Because there are export controls on those middle-men countries. Data center GPUs are controlled under the Export Administration Regulations, putting them under broadly the same regulatory regime as critical components for fighter jets or ballistic missiles. If that isn't working to at least severely restrict China's access to GPUs, then we have much bigger things to worry about.

https://exportcontrol.lbl.gov/a-bigger-yard-a-higher-fence-u...

nimbius

Nothing. the US did the very same thing to circumvent export controls by other countries during the cold war in order to obtain sufficient titanium in order to construct the SR71 aircraft.

China has a graphics processor company thats apparently good enough to land it on an entity list.

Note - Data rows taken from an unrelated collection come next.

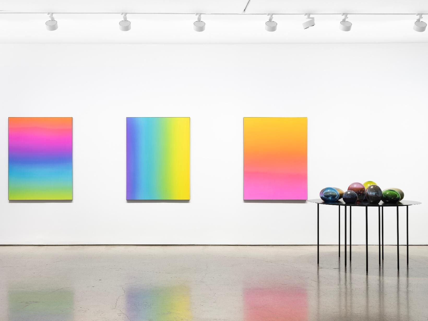 갤러리현대는 독일 작가 마티 브라운(Matti Braun)의 아시아 첫 개인전 《Ku Sol》를 9월 21일부터 10월 23일까지 개최한다. 전시는 다채로운 염료를 실크에 고루 입혀 완성한 아름다운 추상화 연작과 전통 유리공예 기법으로 장인과 협업하여 탄생한 유리 조각, 인도 영화 감독 사트야지트 레이(Satyajit Ray)의 미실현된 각본 〈The Alien〉에 영감을 받고 제작한 실험적 공연의 사진 작품 등 대표작 50여 점을 대거 선보인다. 독일 작가 마티 브라운은 미술뿐 아니라 문화, 역사, 과학 등 다양한 분야에서 상대적으로 덜 알려진 개별 서사를 열정적으로 발굴하고 탐구하면서 거대한 의미망을 직조해간다. 비크람 사라바이(Vikran Sarabhai), 마하마타 간디(Mahatma Gandhi), 르 코르뷔지에(Le Corbusier), 인도의 우주개발 프로그램, 사트야지트 레이(Satyajit Ray)의 미실현 각본 <외계인(The Alien)>부터 스티븐 스필버그의 <E.T>까지, 특정 인물과 동서양의 시공간을 가로지르는 문화의 이동과 교류 및 변화 작용을 연구하며 제작된 그의 작품은 관람객이 정형화된 해석의 틀에서 벗어나 본인만의 서사를 창조하며 작품을 해석하는 기회를 제공한다. 전시 제목 ‘Ku Sol’은 문화적 언어적 연결고리를 만들어내는 작가의 작품세계를 시적으로 반영하고 있다. 달을 뜻하는 핀란드어 ‘kuu’와 태양을 뜻하는 라틴어 ‘sol’을 조합하여 만든 자연적이며 우주적인 제목은 어떠한 대상을 재현하지 않으며 상호주관성과 다의성을 내포한 그의 작품과 일맥상통한다. 둥근 테이블 위에 놓인 색색의 유리 조각은 마티 브라운이 바이에른 주(州)의 전통 유리공예 기법으로 유리공예 장인과 협업하여 완성했다. 작품의 둥그스름한 형상은 머나먼 우주의 행성이나 미디어를 통해 끊임없이 재생산된 외계인(이방인)의 낯선 안구나 외계 생명체의 알을 연상시킨다. 마티 브라운의 유리 조각은 SF나 외계인에 대한 작가의 개인적 관심뿐 아니라 미지의 세계를 향한 작가의 시선을 은유하는 또 다른 ‘눈’으로도 해석할 수 있다. 동시에 공예와 예술이라는 두 장르를 넘나들며 예술담론 내에서 유리라는 매체가 규정되는 방식에 도전하고, 장르 간의 구분을 흐리면서, 보다 광범위한 영역에서 매체를 실험을 하는 마티 브라운의 작품 경향을 잘 드러낸다. 실크 추상화 〈무제〉 연작도 재현의 부재나 형태의 초월이라는 측면에서 '외계인(이방인)'이라는 존재의 특성과 상응하는 의미를 지닌다. 마치 우주의 광선이나 빛과 어둠을 넘나드는 듯 신비로운 광채를 머금은 표면은 새로운 시공간의 차원을 여는 인상을 선사한다. 마티 브라운은 2008년부터 실크 작업을 시작했으며, 초기에는 기하학적 패턴, 선, 광선 모티브로 바틱(Batik)을 제작했다. 2014년부터 색상이 혼합된 실크 추상화를 시도했으며, 매끄럽고 정교하게 짜인 비단 판 위에 염료를 뿌려 매우 섬세한 색의 스펙트럼을 창조하는 실크 추상화로 점차 변모하였다. 그의 매혹적인 실크 추상화는 종교적이고 명상적이며 동시에 최면적 분위기를 지닌다. 실크 추상화는 실크의 역사와 직물 생산의 전통적 기술에 관한 마티 브라운의 치밀하고 심도 깊은 연구가 바탕이 되었다. 작가는 고대부터 종교적 혹은 제의적인 목적으로 사용된 비단이라는 소재에 강렬하거나 아주 절제된 색을 입힘으로써, 실크를 전통적 소재의 맥락에서 분리시키는데, 이는 마티 브라운의 작품세계에서 중요하다. 작가가 탐구하는 문화적 유산과 상호관련성 등의 관련 이야기와 주제는 작품에 관한 설명적인 요소로 작용하기보다, 관람객을 새로운 시각적 경험과 의미를 찾는 여정으로 안내하기 때문이다. (출처: 갤러리현대)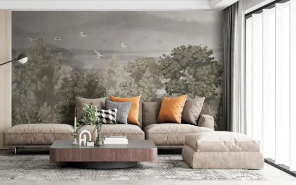 65.98 lei39.59 leiFototapet Perete gri cu copaci și păsări
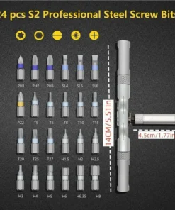 24Pcs Industrial grade S2 chrome molybdenum alloy steel screwdriver heads, with continuous heat treatment process. Assisted high precision CNC integrated molding, carburizing thermal refining, industrial grade service life, hard but not brittle, full of toughness.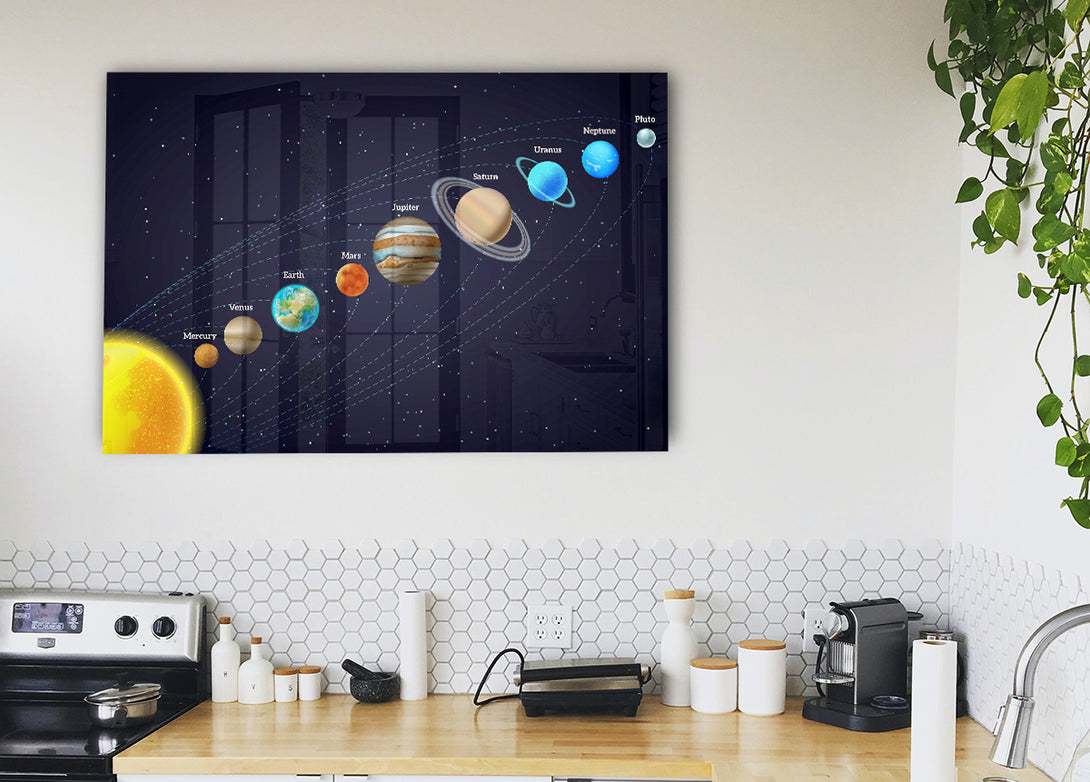 Acryldruck „Sonnensystem 3“, UV-gedruckt auf 5 mm dickes Acrylglas. Wird mit allem geliefert, was Sie zum Aufhängen an die Wand brauchen.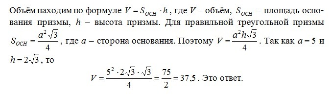 сторона основания правильной треугольной призмы A1 ABC A1B1C1 равна 5, а высота этой призмы равна 2корня3. найдите обьём призмы ABCA1B1C1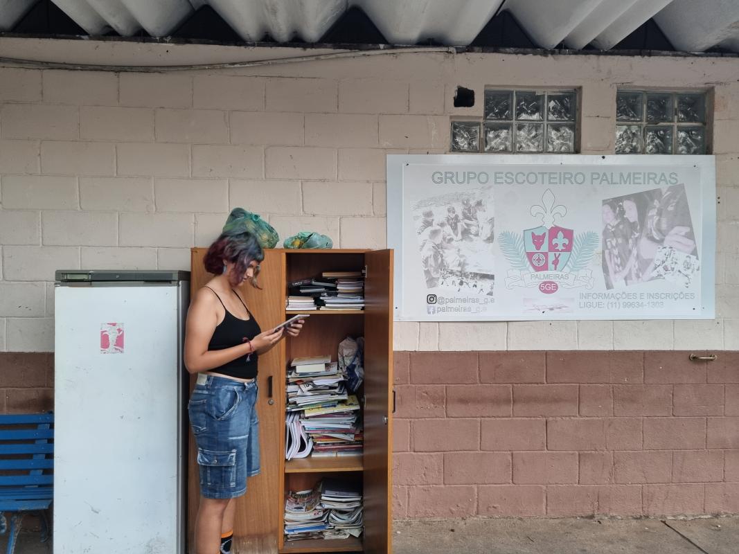 Disponibilizar educação para todos os usuários do Parque São Domingos, sede do Grupo Escoteiro Palmeiras 005, Rua Pedro Senargiotti, 125 dentro - Parque São Domingos, São Paulo - SP, 05124-05, através da leitura de livros disponibilizados em armários.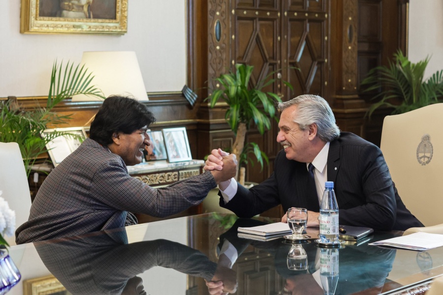El presidente Alberto Fernández compartió este martes un almuerzo en la Casa Rosada con el exmandatario de Bolivia Evo Morales, durante el cual ambos intercambiaron opiniones sobre la actualidad en la región, en el marco del Día de la Confraternidad Argentino Boliviana, fecha en la que ambas naciones conmemoran el natalicio de la generala Juana Azurduy, heroína de la independencia latinoamericana.

https://en.wikipedia.org/wiki/Moore_Threads

The sheer number of Chinese companies the US as entity listed for export controls is comical as its basically a blacklist of the entire PRC's tech sector.

export controls work well to do one thing: create a US competitor. china already fabs domestic 3nm chips. theres no reason to think they wont emerge as a serious competitor to NVidia.

spookie

iirc Moore Threads founder worked for nVidia in the past.

vinay427

People in this space are thinking about these problems, including on-chip mechanisms [1] and/or location verification [2], among other proposals.

[1] https://www.cnas.org/publications/reports/secure-governable-...

[2] https://www.iaps.ai/research/location-verification-for-ai-ch...

KaiserPro

Nvidia's fear of getting slapped with a fine.

However there is nothing stopping some company setting up a company in a third country, funding it indirectly and getting them to build a cluster for deepseek/others to access.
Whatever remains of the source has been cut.